2019-04-09-154930_597x348_scrot.png (348×597 px, 25 KB)
2019-04-09-154938_601x342_scrot.png (342×601 px, 26 KB)

Bouncing rsyslog on lithium yielded very little results, however restarting rsyslog on wezen (after getting debug information, as per https://wikitech.wikimedia.org/wiki/Rsyslog) resulted in syslog tls traffic starting flowing again.

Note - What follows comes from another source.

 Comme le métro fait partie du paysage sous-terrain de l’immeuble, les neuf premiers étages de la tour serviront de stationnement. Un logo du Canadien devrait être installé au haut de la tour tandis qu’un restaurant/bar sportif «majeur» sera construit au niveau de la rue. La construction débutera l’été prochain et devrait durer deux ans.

The strace on wezen showed:

4664  recvfrom(245, 0x7f1aa3d64e90, 313, 0, 0, 0) = -1 EAGAIN (Resource temporarily unavailable)
4664  recvfrom(245, 0x7f1aa3d64e90, 313, 0, 0, 0) = -1 EAGAIN (Resource temporarily unavailable)
4664  recvfrom(245, 0x7f1aa3d64e90, 313, 0, 0, 0) = -1 EAGAIN (Resource temporarily unavailable)
4664  recvfrom(245, 0x7f1aa3d64e90, 313, 0, 0, 0) = -1 EAGAIN (Resource temporarily unavailable)
4664  recvfrom(245, 0x7f1aa3d64e90, 313, 0, 0, 0) = -1 EAGAIN (Resource temporarily unavailable)
4664  recvfrom(245, 0x7f1aa3d64e90, 313, 0, 0, 0) = -1 EAGAIN (Resource temporarily unavailable)

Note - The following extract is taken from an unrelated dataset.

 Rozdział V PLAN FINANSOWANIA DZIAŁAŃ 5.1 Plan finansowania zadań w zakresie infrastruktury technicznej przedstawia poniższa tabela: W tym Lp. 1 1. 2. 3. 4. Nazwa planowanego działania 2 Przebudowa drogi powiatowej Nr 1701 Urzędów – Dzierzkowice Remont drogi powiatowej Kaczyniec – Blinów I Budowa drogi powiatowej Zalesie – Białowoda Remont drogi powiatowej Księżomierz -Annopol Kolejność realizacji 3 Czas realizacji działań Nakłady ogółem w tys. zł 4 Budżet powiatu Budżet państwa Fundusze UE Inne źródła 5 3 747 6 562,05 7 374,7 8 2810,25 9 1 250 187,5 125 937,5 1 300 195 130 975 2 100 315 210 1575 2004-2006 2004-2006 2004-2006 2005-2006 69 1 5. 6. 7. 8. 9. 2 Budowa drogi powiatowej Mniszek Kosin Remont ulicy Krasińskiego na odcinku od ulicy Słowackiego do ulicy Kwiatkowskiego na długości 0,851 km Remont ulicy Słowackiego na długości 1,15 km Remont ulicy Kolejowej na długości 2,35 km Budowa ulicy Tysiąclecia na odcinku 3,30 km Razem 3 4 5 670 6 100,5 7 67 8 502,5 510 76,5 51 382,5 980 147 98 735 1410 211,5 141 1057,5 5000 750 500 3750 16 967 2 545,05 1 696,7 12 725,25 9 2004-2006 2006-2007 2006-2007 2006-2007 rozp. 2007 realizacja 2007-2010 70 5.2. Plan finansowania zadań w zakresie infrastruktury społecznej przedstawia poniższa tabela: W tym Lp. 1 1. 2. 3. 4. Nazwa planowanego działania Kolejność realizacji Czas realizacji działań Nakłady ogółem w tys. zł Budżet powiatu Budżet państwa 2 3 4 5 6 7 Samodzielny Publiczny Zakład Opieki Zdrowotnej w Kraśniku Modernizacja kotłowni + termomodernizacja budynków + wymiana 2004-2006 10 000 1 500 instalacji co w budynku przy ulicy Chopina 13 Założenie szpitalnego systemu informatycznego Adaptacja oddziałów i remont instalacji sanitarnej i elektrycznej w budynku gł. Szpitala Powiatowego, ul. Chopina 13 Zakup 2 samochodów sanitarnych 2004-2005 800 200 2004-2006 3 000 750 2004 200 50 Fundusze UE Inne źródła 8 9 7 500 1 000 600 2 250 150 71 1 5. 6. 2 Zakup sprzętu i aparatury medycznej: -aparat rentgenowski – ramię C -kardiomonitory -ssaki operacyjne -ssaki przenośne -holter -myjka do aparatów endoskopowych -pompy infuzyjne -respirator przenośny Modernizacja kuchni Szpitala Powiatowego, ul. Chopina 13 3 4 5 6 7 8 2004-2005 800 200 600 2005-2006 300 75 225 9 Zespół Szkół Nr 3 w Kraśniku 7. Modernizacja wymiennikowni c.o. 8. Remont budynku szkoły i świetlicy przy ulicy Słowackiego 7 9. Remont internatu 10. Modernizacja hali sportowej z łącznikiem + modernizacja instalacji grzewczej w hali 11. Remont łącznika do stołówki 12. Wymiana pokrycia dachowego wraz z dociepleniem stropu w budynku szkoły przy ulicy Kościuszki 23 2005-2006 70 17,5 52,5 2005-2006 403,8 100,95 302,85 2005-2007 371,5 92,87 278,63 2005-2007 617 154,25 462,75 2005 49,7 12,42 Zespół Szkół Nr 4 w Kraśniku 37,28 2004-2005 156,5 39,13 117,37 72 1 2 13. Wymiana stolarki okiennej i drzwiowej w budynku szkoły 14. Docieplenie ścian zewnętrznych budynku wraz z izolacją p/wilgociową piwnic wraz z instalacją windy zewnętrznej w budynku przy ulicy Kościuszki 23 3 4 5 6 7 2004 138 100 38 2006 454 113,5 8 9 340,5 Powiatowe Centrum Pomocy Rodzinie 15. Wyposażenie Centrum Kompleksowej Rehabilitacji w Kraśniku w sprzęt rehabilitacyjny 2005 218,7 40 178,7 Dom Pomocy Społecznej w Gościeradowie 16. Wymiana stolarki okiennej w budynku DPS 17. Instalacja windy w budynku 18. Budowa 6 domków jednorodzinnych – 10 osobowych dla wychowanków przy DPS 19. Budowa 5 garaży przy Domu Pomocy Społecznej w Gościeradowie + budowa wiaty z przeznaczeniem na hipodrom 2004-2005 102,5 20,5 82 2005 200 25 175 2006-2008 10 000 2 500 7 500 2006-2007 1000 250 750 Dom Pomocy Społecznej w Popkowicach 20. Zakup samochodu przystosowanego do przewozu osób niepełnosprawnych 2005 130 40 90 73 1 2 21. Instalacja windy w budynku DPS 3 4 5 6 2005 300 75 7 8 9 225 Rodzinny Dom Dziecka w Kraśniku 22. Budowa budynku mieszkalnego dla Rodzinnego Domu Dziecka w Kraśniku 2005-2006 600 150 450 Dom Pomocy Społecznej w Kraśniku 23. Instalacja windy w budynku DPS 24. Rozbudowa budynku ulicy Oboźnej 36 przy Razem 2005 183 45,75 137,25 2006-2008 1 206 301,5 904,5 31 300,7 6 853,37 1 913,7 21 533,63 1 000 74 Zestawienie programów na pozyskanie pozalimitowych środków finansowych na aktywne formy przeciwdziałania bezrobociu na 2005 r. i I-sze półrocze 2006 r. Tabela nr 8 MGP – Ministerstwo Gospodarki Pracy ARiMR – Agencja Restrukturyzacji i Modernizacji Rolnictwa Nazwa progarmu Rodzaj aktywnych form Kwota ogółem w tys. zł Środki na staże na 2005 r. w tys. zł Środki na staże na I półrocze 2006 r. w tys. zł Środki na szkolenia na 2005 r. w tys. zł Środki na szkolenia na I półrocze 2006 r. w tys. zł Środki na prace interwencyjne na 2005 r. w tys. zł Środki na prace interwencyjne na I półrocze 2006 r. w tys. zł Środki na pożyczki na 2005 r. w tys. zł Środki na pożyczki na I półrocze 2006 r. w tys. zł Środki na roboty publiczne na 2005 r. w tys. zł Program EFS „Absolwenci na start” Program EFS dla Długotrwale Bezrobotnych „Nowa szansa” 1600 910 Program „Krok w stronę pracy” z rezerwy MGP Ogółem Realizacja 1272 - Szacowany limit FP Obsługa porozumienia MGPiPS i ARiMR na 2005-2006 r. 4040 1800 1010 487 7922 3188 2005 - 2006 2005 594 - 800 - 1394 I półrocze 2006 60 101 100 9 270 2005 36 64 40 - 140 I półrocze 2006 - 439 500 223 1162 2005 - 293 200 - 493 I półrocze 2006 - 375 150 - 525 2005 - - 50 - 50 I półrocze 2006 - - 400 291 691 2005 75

and sure enough, from lsof that fd was logstash1012's (although unclear if the connection is from the lockup or after the reboot)

rsyslogd 4652 root  245u  IPv4          137305187        0t0        TCP wezen.codfw.wmnet:syslog-tls->logstash1012.eqiad.wmnet:37198 (ESTABLISHED)

My finger is pointed towards a gnutls failure mode / bug, which wezen/lithium being jessie systems have version 3.3.8, compared to 3.5.8 in stretch.

colewhite lowered the priority of this task from High to Medium.